_DATA FOR PROCESSING:_

-*-*-

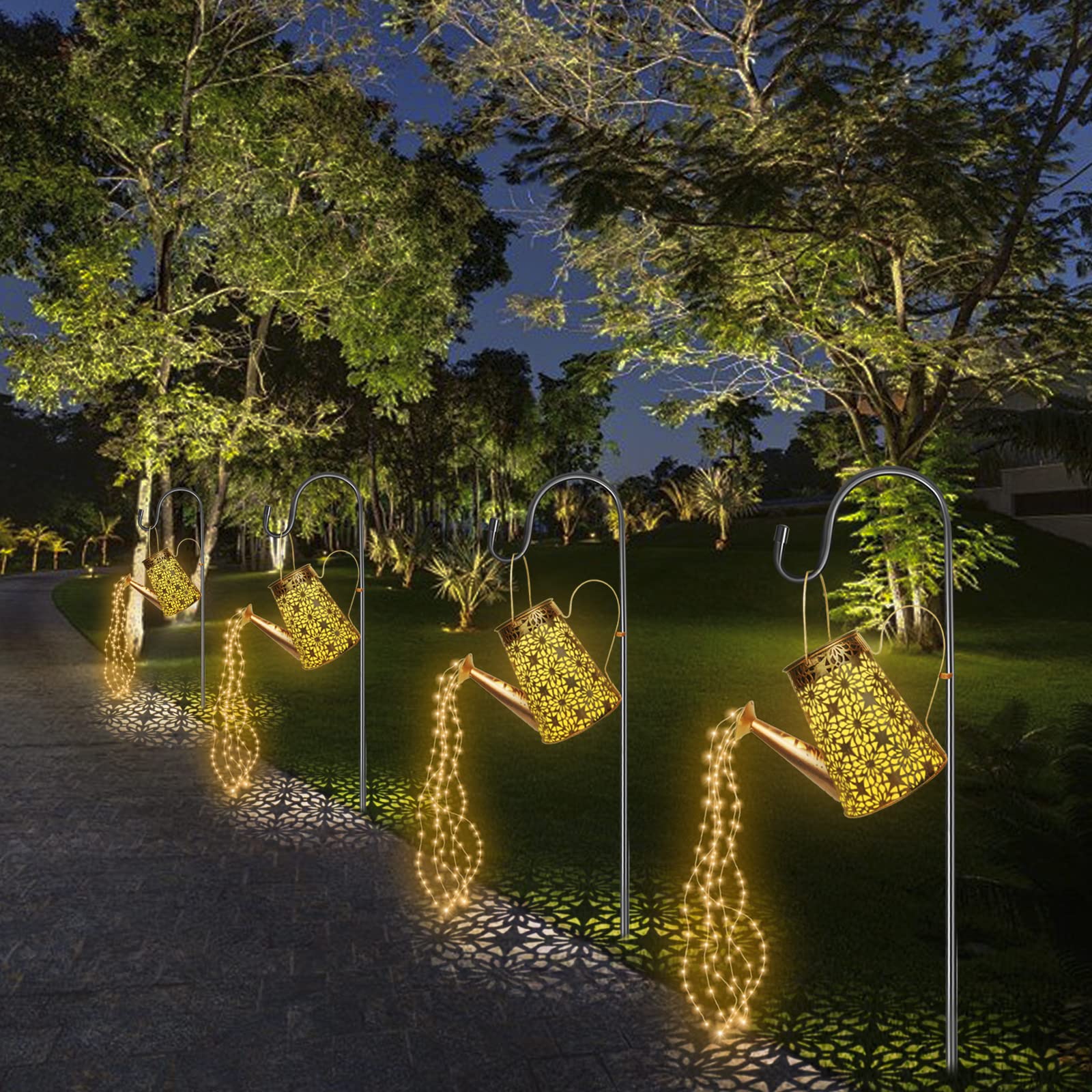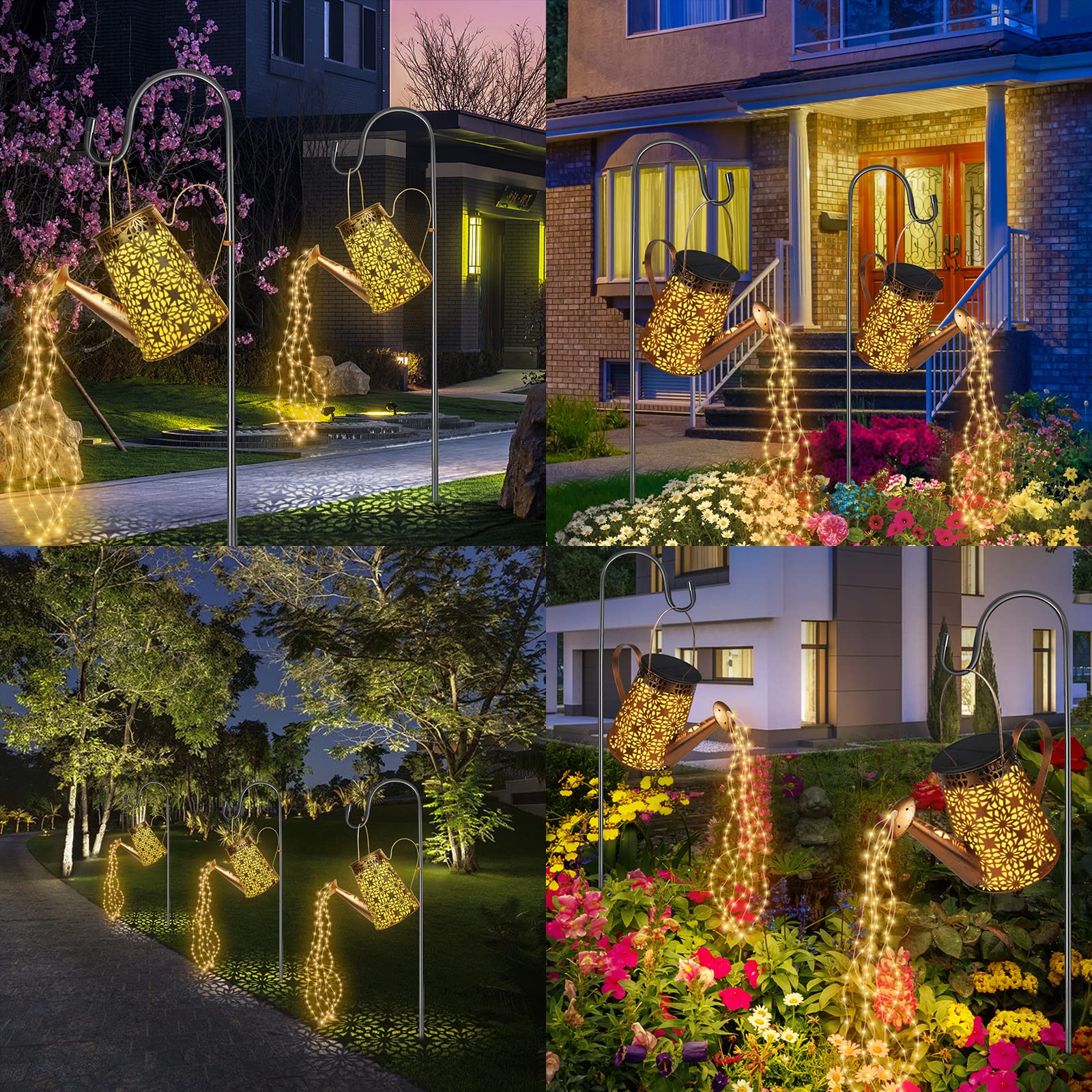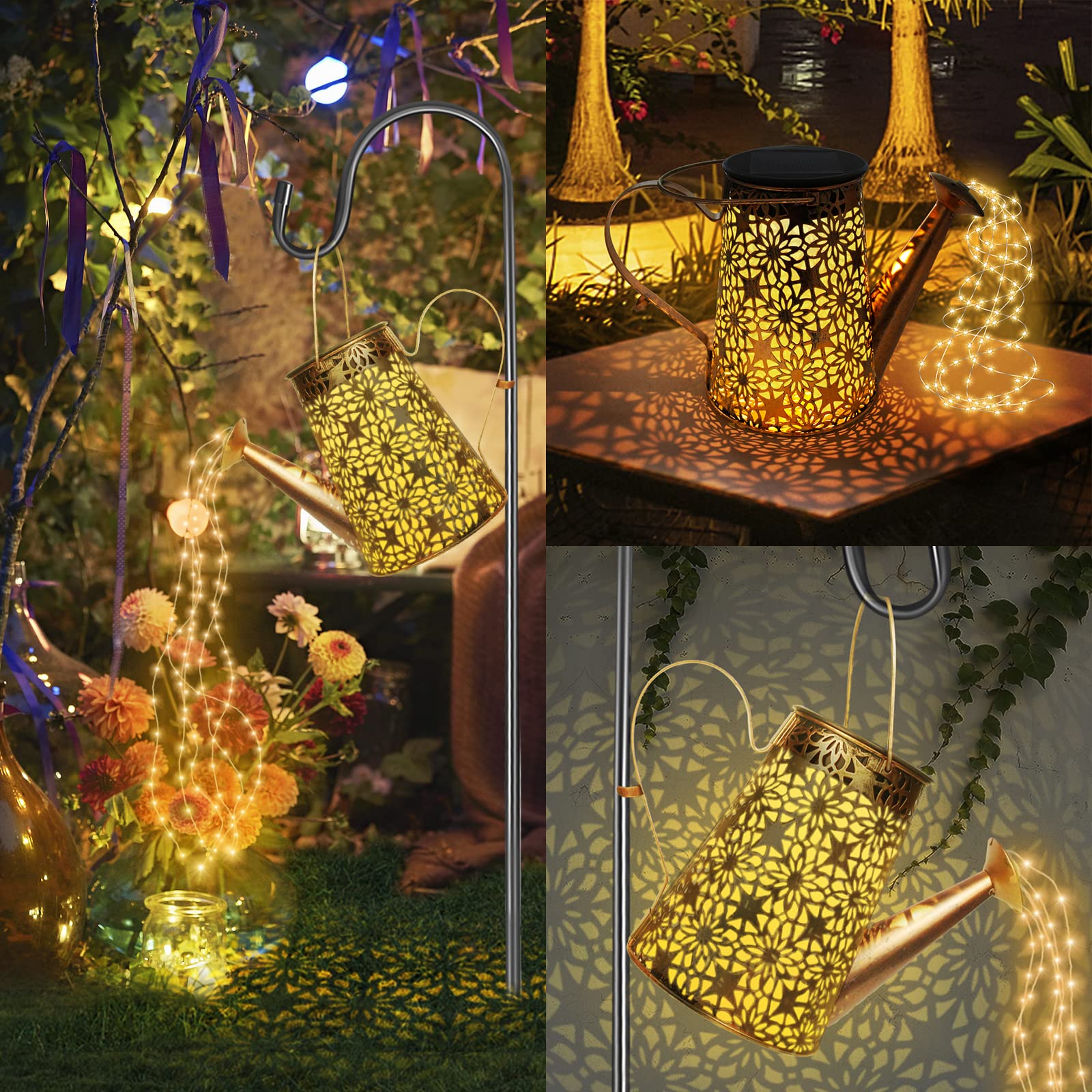 - 【Garden Solar Lights Watering Can 】- Watering can Light outdoor is with hollow copper motif and consisting of 36 LEDs with 39" shepherd's hook. The spout is exquisitely crafted with smooth edges to avoid scratches. Not easy to break.
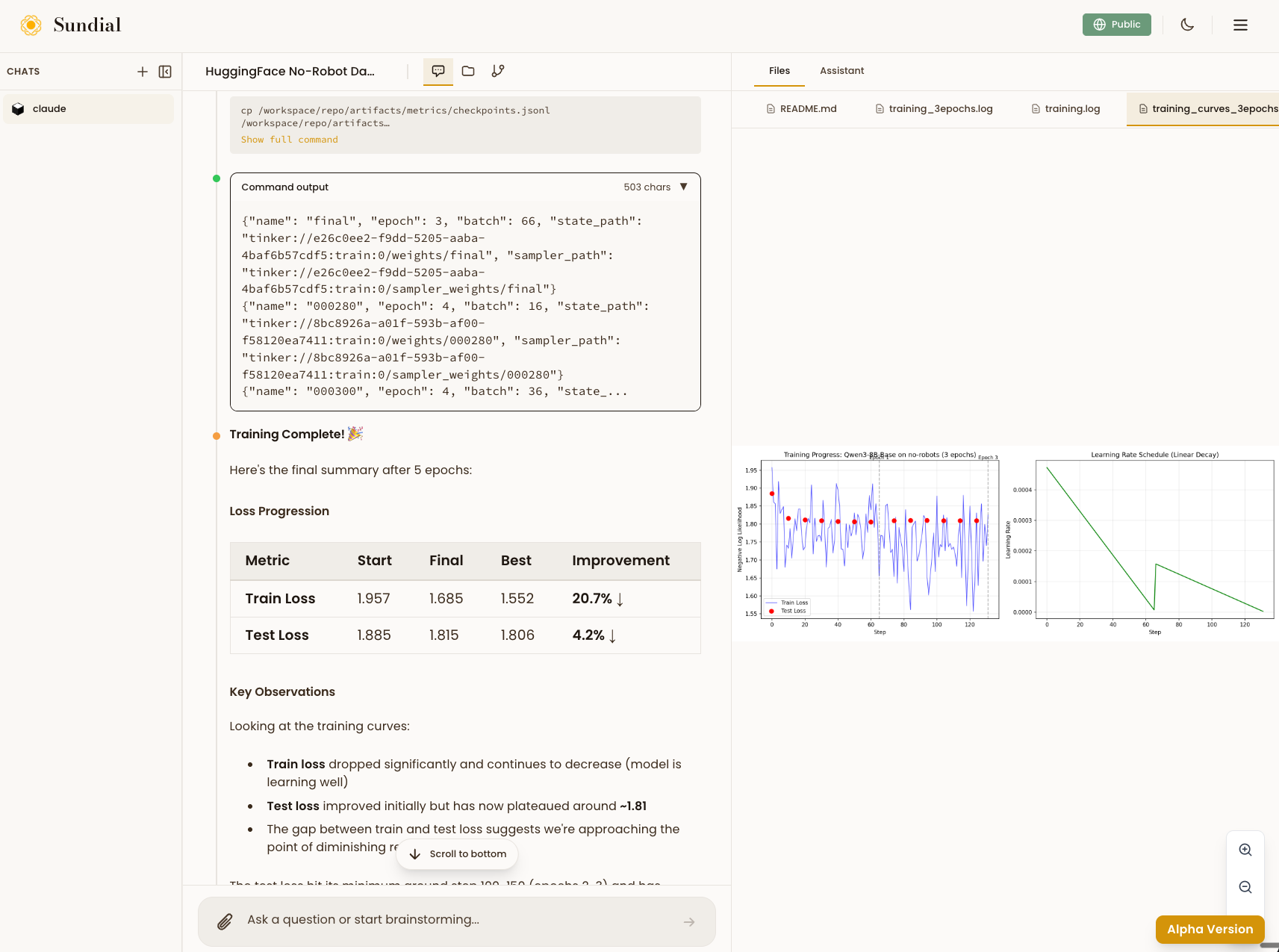 Not a notebook. Not a training script you have to babysit. Just a conversation: describe what you want, point it at your data, and let the agent handle the rest.
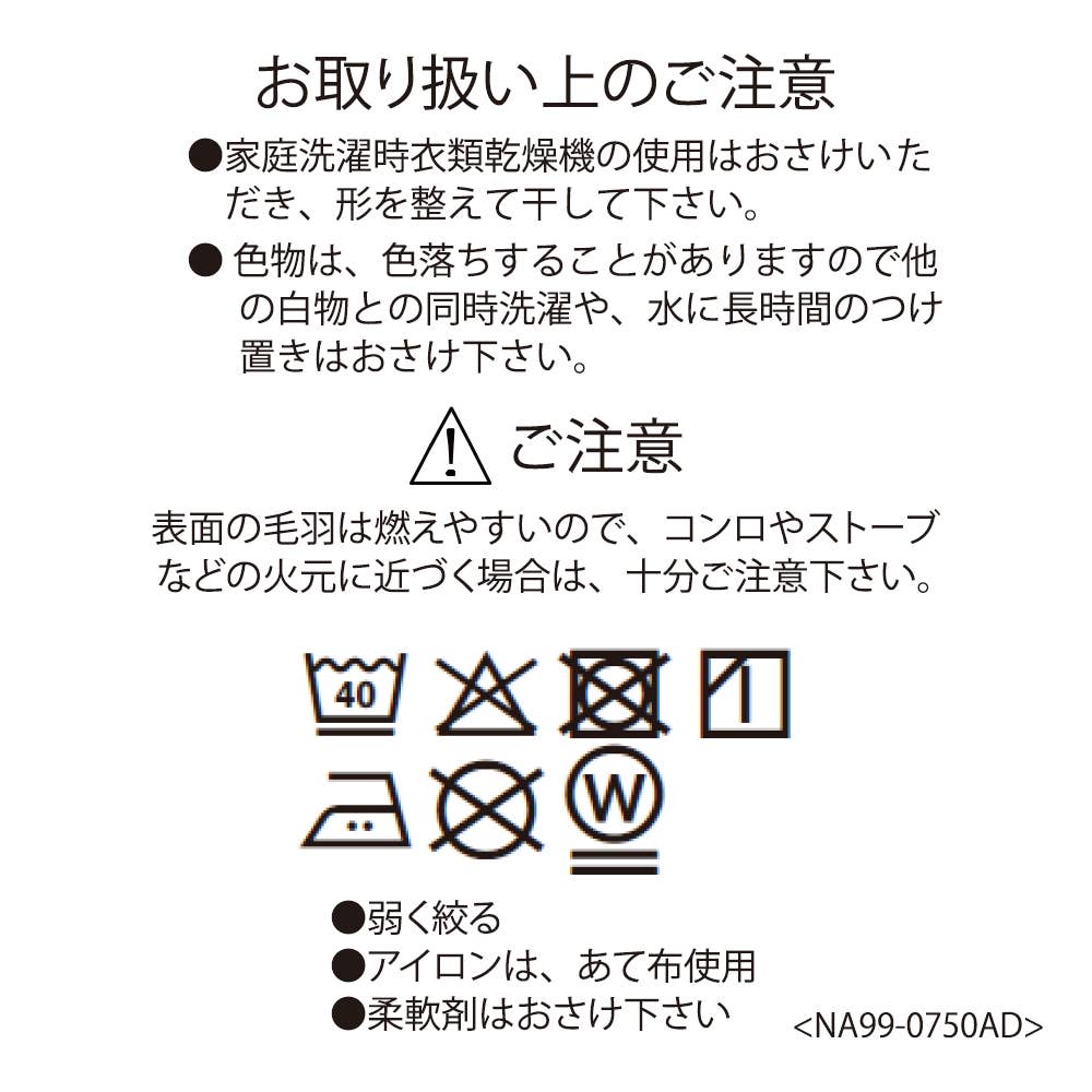 ・弱く絞る・アイロンは、あて布をご使用下さい。・柔軟剤はおさけ下さい
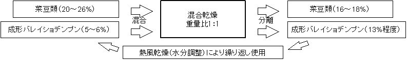 混合乾燥は,デンプンを吸水材として菜豆類と混合堆積し,通風は行わずに,受入水分(16〜18%程度)まで乾燥する(図1)。混合乾燥終了後,吸水したデンプンは熱風乾燥して再利用する。
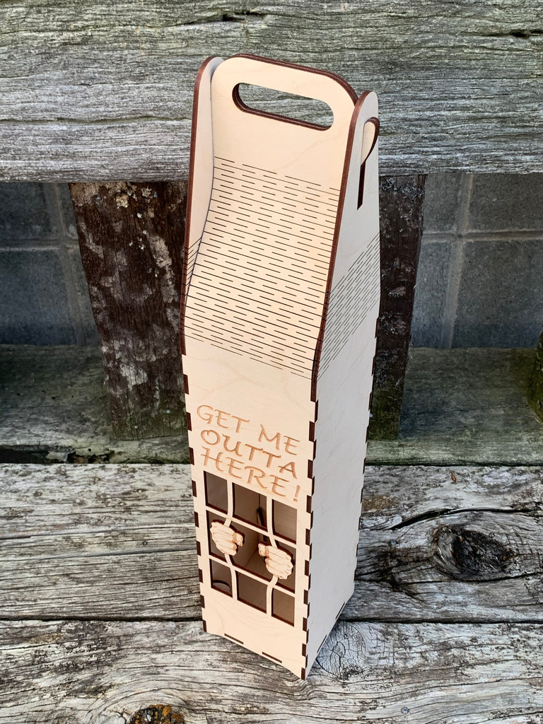 One of our best sellers, The jailed wine box is a fun way to give that special someone a lovely bottle of wine or maybe even spirits. The unique design uses flexible living hinges for a stylish touch.
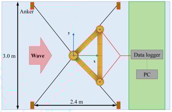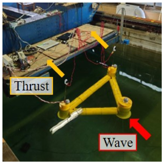 A schematic diagram of the experiment is shown in Figure 15, and the actual model is shown in Figure 16. The specifications of this test tank are 70.0 m long, 3.0 m wide, and 1.6 m deep, and it has a wave generator.
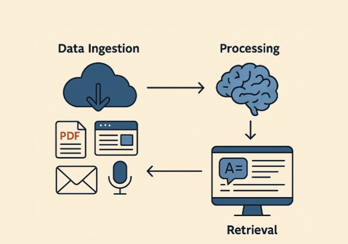 En esencia, las bases de conocimiento de IA operan a través de un ciclo de tres etapas. Primero, ingesta de datos Extrae información de diversas fuentes (como archivos PDF, páginas web, correos electrónicos o grabaciones de voz) y la convierte a un formato unificado. A continuación, tratamiento Utiliza IA para analizar estos datos, identificando patrones, extrayendo puntos clave y estableciendo conexiones (por ejemplo, vinculando un artículo de investigación con una noticia relacionada). Finalmente, recuperación Ofrece respuestas a las consultas de los usuarios, a menudo en lenguaje natural, con resultados clasificados por relevancia. No se trata de almacenamiento estático, sino de un proceso dinámico donde el sistema se perfecciona con cada interacción.
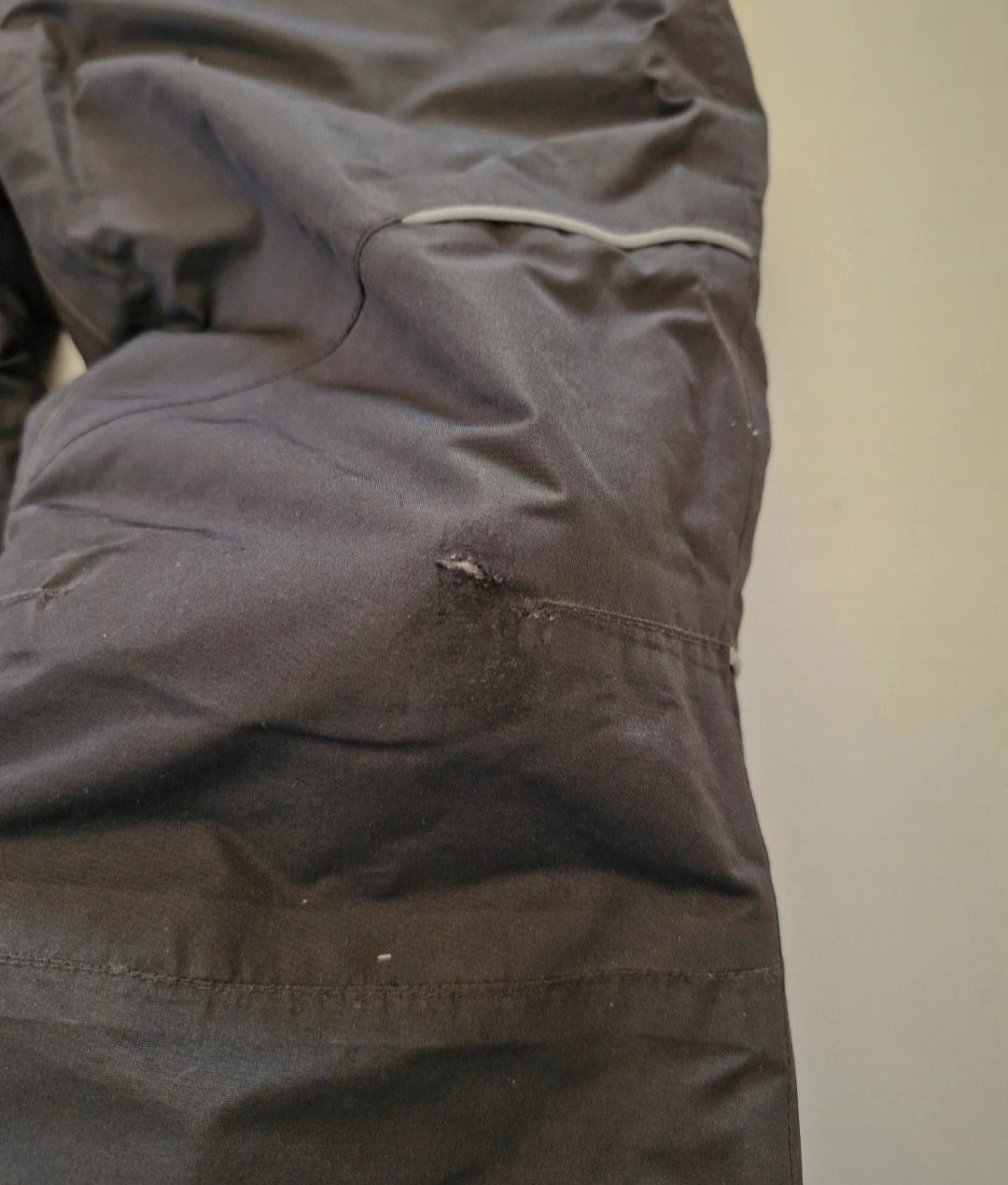- zadná časť spodku nohavíc zodratá, viď. foto
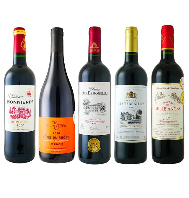「シャトー ボニエール 2000」は長い余韻が魅力。「コート デュ ローヌ レ プラド 2016」は華やかな熟成香とスパイシーで甘みを伴ったまろやかな渋味と風味を感じられます。「シャトー デ ドゥモワゼル 2015」は濃厚な果実味にエレガントさをまとったボディ。「シャトー レ テライユ 2010」は華やかな香りと調和のとれた味わいが魅力です。
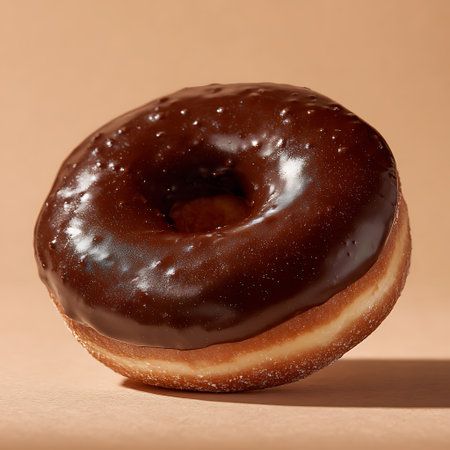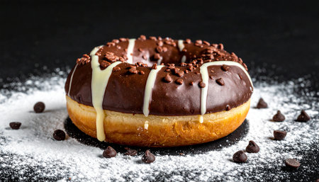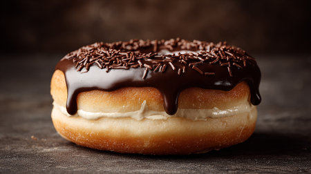 Tempting view of a fresh donut with a luscious chocolate glaze and sprinkled topping, sitting on a textured surface. The donut features creamy filling, inviting indulgence.
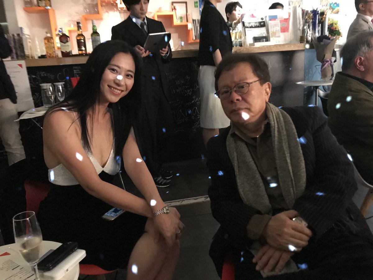 自身の愛娘を間に挟んだ姉妹ショットは、切れ長のまなざしや涼しげなほほえみなど、すべてがうり二つだ。
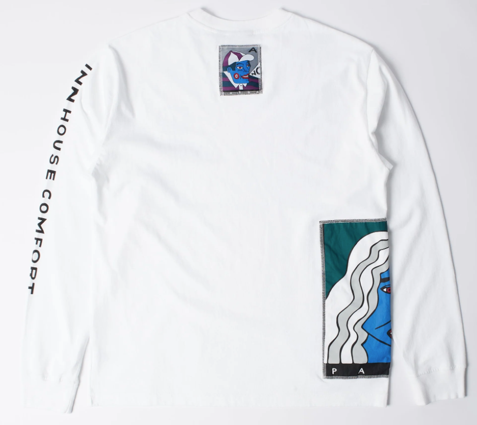 Long sleeve with a big Your face artwork label on the side. Small woven label on the back and water-based screen prints on chest and sleeve. All Parra long sleeves have a boxy custom fit.

-*-*-

_EXERCISE OBJECTIVE:_
Reproduce the material in full, word for word, and omit the pictures.

_TASK RESPONSE:_
 - 【Garden Solar Lights Watering Can 】- Watering can Light outdoor is with hollow copper motif and consisting of 36 LEDs with 39" shepherd's hook. The spout is exquisitely crafted with smooth edges to avoid scratches. Not easy to break.
 Not a notebook. Not a training script you have to babysit. Just a conversation: describe what you want, point it at your data, and let the agent handle the rest.
 ・弱く絞る・アイロンは、あて布をご使用下さい。・柔軟剤はおさけ下さい
 混合乾燥は,デンプンを吸水材として菜豆類と混合堆積し,通風は行わずに,受入水分(16〜18%程度)まで乾燥する(図1)。混合乾燥終了後,吸水したデンプンは熱風乾燥して再利用する。
 One of our best sellers, The jailed wine box is a fun way to give that special someone a lovely bottle of wine or maybe even spirits. The unique design uses flexible living hinges for a stylish touch.
 A schematic diagram of the experiment is shown in Figure 15, and the actual model is shown in Figure 16. The specifications of this test tank are 70.0 m long, 3.0 m wide, and 1.6 m deep, and it has a wave generator.
 En esencia, las bases de conocimiento de IA operan a través de un ciclo de tres etapas. Primero, ingesta de datos Extrae información de diversas fuentes (como archivos PDF, páginas web, correos electrónicos o grabaciones de voz) y la convierte a un formato unificado. A continuación, tratamiento Utiliza IA para analizar estos datos, identificando patrones, extrayendo puntos clave y estableciendo conexiones (por ejemplo, vinculando un artículo de investigación con una noticia relacionada). Finalmente, recuperación Ofrece respuestas a las consultas de los usuarios, a menudo en lenguaje natural, con resultados clasificados por relevancia. No se trata de almacenamiento estático, sino de un proceso dinámico donde el sistema se perfecciona con cada interacción.
- zadná časť spodku nohavíc zodratá, viď. foto
「シャトー ボニエール 2000」は長い余韻が魅力。「コート デュ ローヌ レ プラド 2016」は華やかな熟成香とスパイシーで甘みを伴ったまろやかな渋味と風味を感じられます。「シャトー デ ドゥモワゼル 2015」は濃厚な果実味にエレガントさをまとったボディ。「シャトー レ テライユ 2010」は華やかな香りと調和のとれた味わいが魅力です。
 Tempting view of a fresh donut with a luscious chocolate glaze and sprinkled topping, sitting on a textured surface. The donut features creamy filling, inviting indulgence.
 自身の愛娘を間に挟んだ姉妹ショットは、切れ長のまなざしや涼しげなほほえみなど、すべてがうり二つだ。
 Long sleeve with a big Your face artwork label on the side. Small woven label on the back and water-based screen prints on chest and sleeve. All Parra long sleeves have a boxy custom fit.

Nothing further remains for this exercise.